Viola spalancò le persiane, fece il letto, sprimacciò i cuscini.
E replicò gli stessi gesti in ogni stanza, come in una favola dei fratelli Grimm. 

 

Entrò in soggiorno, il suo sguardo corse, come ogni giorno, alla fotografia appoggiata sulla mensola sopra il camino. Un sorriso radioso e due occhi scuri la guardavano fissa in viso e, come ogni giorno, gli occhi di Viola si riempirono di lacrime. Elvio, il  suo unico e adorato figlio, morto in uno stupido incidente d’auto. Quel giorno il padre uscì in macchina con lui e gli permise di provare a guidare, nonostante lei si fosse raccomandata di non farlo. Il ragazzo perse il controllo dell’auto e finì contro un muro. Morì sul colpo, mentre il padre sopravvisse.
“Hai ucciso tuo figlio!” gli gridava Viola  con odio.
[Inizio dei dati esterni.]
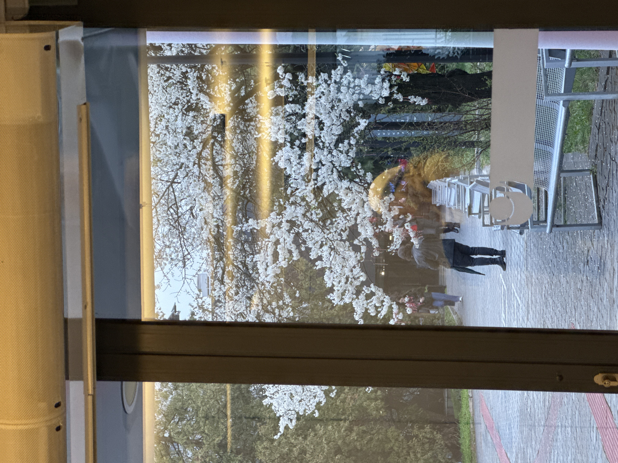 The image presents an outdoor scene viewed through a glass panel, likely a door or large window, from an interior vantage point in Sofia, Bulgaria. The upper portion of the frame shows a beige perforated roller blind and a dark brown door frame. Reflections on the glass include a circular ceiling light at the top-center and an irregular, warm yellow-orange light source in the mid-right. A keyhole with a key is visible at the bottom of the left door frame. A horizontal white sticker with a stylized, crescent-shaped logo is affixed to the lower right glass panel. The outdoor environment depicts a paved pathway constructed from grey cobblestones, featuring reddish-pink linear markings. The path is flanked on the left by a green lawn and trees with dense green foliage. Dominating the mid-ground are several large trees adorned with abundant white blossoms, indicative of spring. In the distance, beyond the trees, blurry architectural structures are visible against an overcast sky. Along the right side of the paved path, multiple light grey metal benches with perforated mesh seats and backs are arranged, facing the pathway. Several individuals are present on the pathway. In the mid-ground on the right, a person with dark hair, wearing a dark jacket and dark trousers, walks away from the viewer, holding a closed dark umbrella in their right hand, pointed downwards. Further along the path, to the left, another person with dark hair, dressed in a dark jacket and lighter-colored trousers, walks toward the left, carrying a bouquet or arrangement of red and pink items. Additional blurry figures are discernible in the background, some also appearing to carry similar red or pink items, suggesting a collective event or celebration. The overall scene suggests an academic or public setting during a spring celebration, commonly associated with university campuses or cultural institutions in Sofia.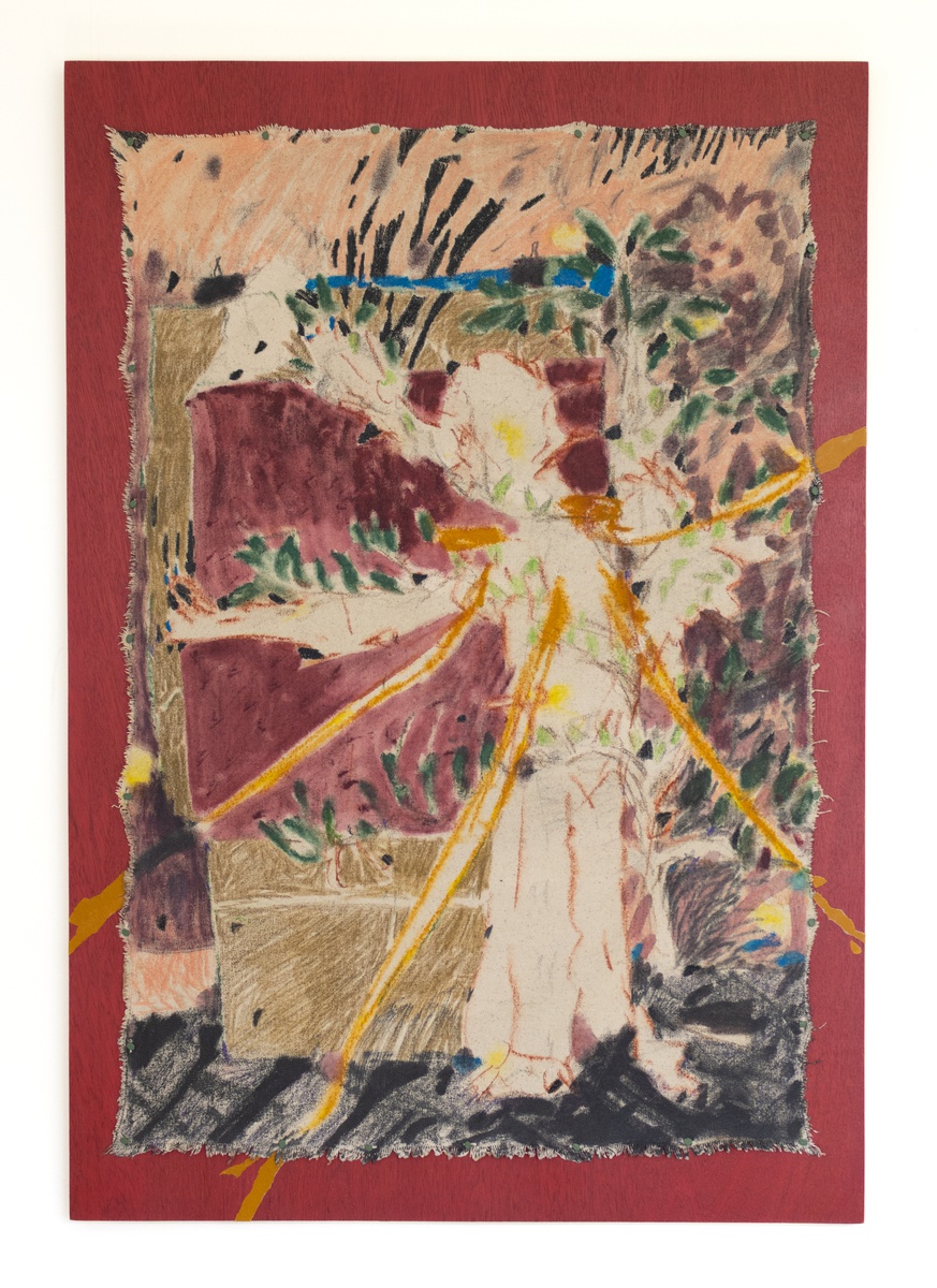 × + − Georgia Arnold Tryhard / Espalier 2025 View Georgia Arnold’s Profile Exhibited: Retreat 5th Nov 2025 – 29th Nov 2025 mixed media drawing on canvas, tacks, wooden panel 870 × 600mm Enquire about this work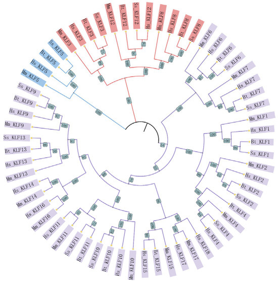 A total of 62 KLF genes were identified across four species based on the presence of the conserved zf-H2C2 domain: 18 in Homo sapiens (Hs), 17 in Mus musculus (Mm), 13 in Sus scrofa (Ss), and 14 in Bos taurus (Bt); the protein sequence is shown in Table S3. To investigate the evolutionary relationships among KLF family members, an NJ phylogenetic tree was constructed using protein sequences of these 62 genes (Figure 1). Phylogenetic analysis classified the genes into three distinct groups (I–III) based on sequence homology and branching patterns. Group I (red, 12 genes) contained orthologs such as Mm-KLF3/12/8, Hs-KLF3/12/8, Ss-KLF3/12/8, and Bt-KLF3/12/8. Group II (blue, 4 genes) included Mm-KLF5, Hs-KLF5, Ss-KLF5, and Bt-KLF5. The remaining 46 genes formed Group III (purple), representing a larger divergent cluster.

Non dormì mai più nello stesso letto con lui. 

 

La sedicente maga “Luna” si sfregava le mani soddisfatta, stava aspettando l’ennesima credulona che avrebbe acquistato a suon di quattrini l’amuleto che le avrebbe consentito di comunicare in sogno col caro estinto.  Aprì un cassetto ed estrasse una luna d’argento con inciso il nome del defunto: Elvio. L’avvolse in una carta velina e l’inserì in un sacchetto di velluto blu. Il suono del campanello la fece sobbalzare, andò ad aprire e sorrise materna alla donna là fuori: “Cara Viola, entra, l’amuleto è pronto, l’ho fatto arrivare apposta per te. Mettilo al collo e non separartene mai”.
Viola strinse al cuore l’amuleto, pagò e se ne andò sorridendo, il cuore colmo di gioia.

 

La maga “Luna” diede un’occhiata soddisfatta alle decine di lune d’argento che giacevano nel cassetto, tutte uguali, ognuna con un nome diverso inciso sopra. Gli affari andavano a gonfie vele.